Our ancestors began to have atherosclerosis and heart attack about two or three million years ago due to mutations in the gene that malaria is used to invade the human body. Scientists said in PNAS magazine.
"The loss of CMAH does not only lead to the risk of atherosclerosis caused by an unhealthy diet, but also to the development of cardiovascular disease. This should be taken into account in experiments. Experiments on animals, " said scientist Ajit Varki from the University of California, San Diego (USA).
According to WHO statistics, atherosclerosis and heart and vascular diseases are still one of the major causes of death in most countries around the world, despite all efforts to treat these diseases. As usual, the disease begins to develop from the accumulation of cholesterol in blood vessel walls, which then leads to thickening of the blood vessel walls, accumulation of calcium and loss of flexibility.
Inflammation develops in the walls of blood vessels leading to fat accumulation inside the cells that cause atherosclerosis.
Until now, scientists have not elucidated the mechanism of forming cholesterol plaques and liming deposits in blood vessel walls. Some researchers suggest that changes in the activity of genes involved in fat metabolism lead to "bad" cholesterol buildup in the blood, which is responsible for the development of atherosclerosis. circuit. Other biologists say that "pathogens" are other things.
For example, Russian biologists have recently discovered that the cause of atherosclerosis development is not disorders of fat metabolism, but inflammation that develops in the wall. Blood vessels lead to fat accumulation inside cells.
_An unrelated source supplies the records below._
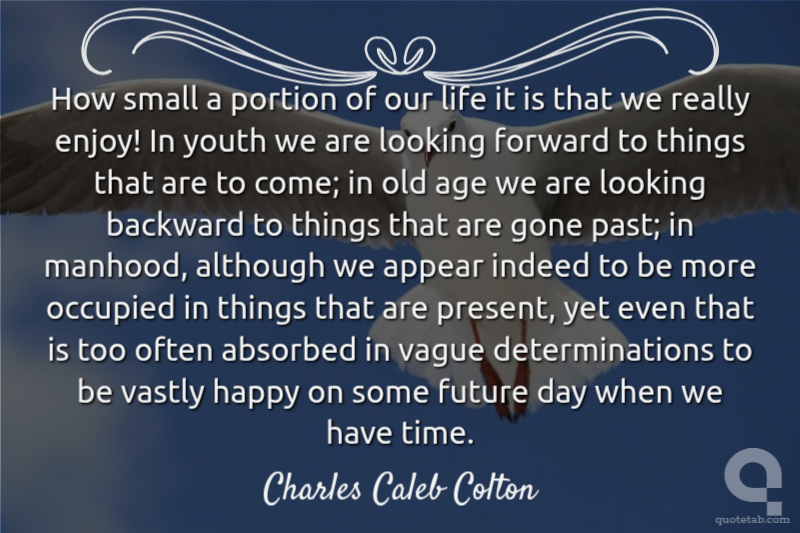 How small a portion of our life it is that we really enjoy! In youth we are looking forward to things that are to come; in old age we are looking backward to things that are gone past; in manhood, although we appear indeed to be more occupied in things that are present, yet even that is too often absorbed in vague determinations to be vastly happy on some future day when we have time. Charles Caleb Colton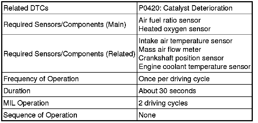 The ECM uses the oxygen storage capacity value to determine the state of the three-way catalytic converter. If any deterioration has occurred, the ECM illuminates the MIL and stored the DTC.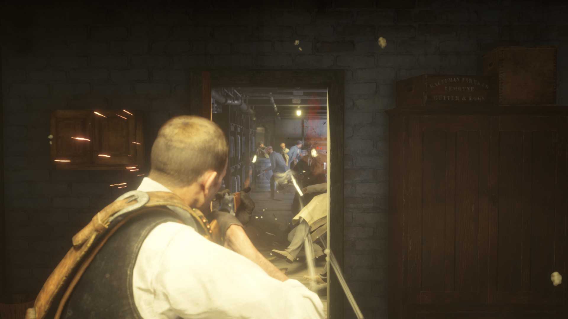 Теперь нам нужно активировать «Меткий глаз» – жмем на R2 и ждем, пока шкала не заполнится наполовину. Потом целимся в недотепу и стреляем. И сделать это нужно первым, иначе Эммет пристрелит Артура с первого выстрела. После того, как Артур расправится со скрягой, нужно взять фотоаппарат и сфотографировать его остывающее тело.

Ten years ago, scientist Ajit Varki and his colleagues studied the behavior of chimpanzees and other animals, and found that they never really got atherosclerosis and did not have related issues, regardless of which diet they have. This discovery led scientists to look for differences in the activity of vascular cells, the immune system and the endocrine glands.
It turns out, chimpanzees and humans have a difference in this area: a small mutation in the CMAH gene . This gene is responsible for producing N-glycolylneuraminic acid (Neu5Gc) . This substance and similar molecules act as sieves, with holes to allow molecules to pass through to enter the cells.
A few years ago, American biologists discovered that CMAH-modified mice are more likely to have diabetes, and their immune cells start to behave abnormally. This led Mr. Ajit Varki and his colleagues to think that other mutations in this gene could also affect the body's activity and are related to the development of heart disease.
To clarify this issue, scientists conducted two series of experiments, causing a mutation related to the lack of CMAH gene and how this gene loss affects the life and activity of The cardiovascular system of mice fed normal and fat foods did not contain Neu5Gc.
Research results show that, in both cases, the mice began to have atherosclerosis - the rate of accumulation of cholesterol plaque in their arterial walls was doubled, as well as the rate of inflammation. The removal of all Neu5Gc molecules in mice with the help of special antibodies caused the immune system to struggle with this substance has led to similar results.
Interestingly, if a large amount of this acid is added to the food, it is not helpful but only aggravates the health status of the mouse with the damaged CMAH gene. In their bodies, this acid does not normalize immune system activity, but in turn makes it more aggressive to attack blood vessel walls and causes inflammation.
'It seems that the risk of atherosclerosis increases is related to many' internal 'and' external 'factors in the damaged CMAH gene. This explains why many non-meat and fat vegetarians can become victims of heart attacks and strokes, while this is not a typical phenomenon with chimpanzees and other animals. ' , Mr. Ajit Varki concluded
Why did humans lose this useful gene? The problem is that some viruses, such as influenza or malaria, use neuraminic acid (such as Neu5Gc) to enter cells in the human body.
The fight against these viruses, as the researchers suggest, led to the fact that the CMAH gene was irreversibly damaged during the evolution of Homo. That helped humans survive, but it was intended for people to die from heart disease.